龍さん「肥料はいりませんよ。その手軽さも、スプラウトを初心者の方におすすめしているポイントです」

想定されるトラブルと対処法

Photo by okamagami

編集部「スプラウト栽培、ズボラさんでも育てられそうですね!」

龍さん「そうですね(笑)。あっ、水の交換を怠ると菌の繁殖につながるので気をつけてくださいね!あと、気温が高くなり過ぎないように注意が必要です。

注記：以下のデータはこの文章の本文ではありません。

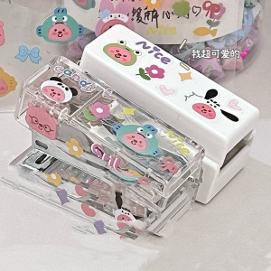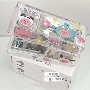 小海狸DIY透明订书机ins风高颜值白色小型迷你学生专用便携订书机
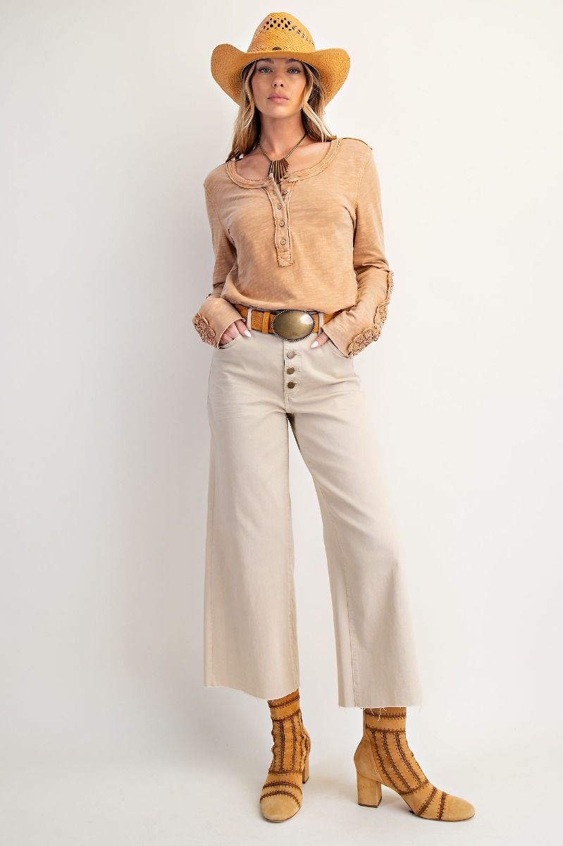 Camel Crochet Lace Cotton Slub Top

高い気温も、菌が繁殖して腐敗の原因になってしまうんですよ」

編集部「具体的にどれくらいの気温だと危険ですか?」

龍さん「30度を超えると一気に菌が繁殖し、水やりをしてても葉に張りがなくなります。そうなったら、そのまま萎れて溶けていくので部分的な修正ができず廃棄するしかなくなってしまいます」

編集部「そうなんですか。菌の繁殖って、目で見てわかりますか?」

龍さん「カビが生えることもありますが、そのまえに腐敗臭でわかりますよ。雑巾のような臭いがしたら、残念ながらアウトですね。菌には弱いので、最初の除菌は忘れずに必ずおこなってくださいね」
※新型コロナウイルスの感染拡大防止のため、不要不急の外出は控えましょう。食料品等の買い物の際は、人との距離を十分に空け、感染予防を心がけてください。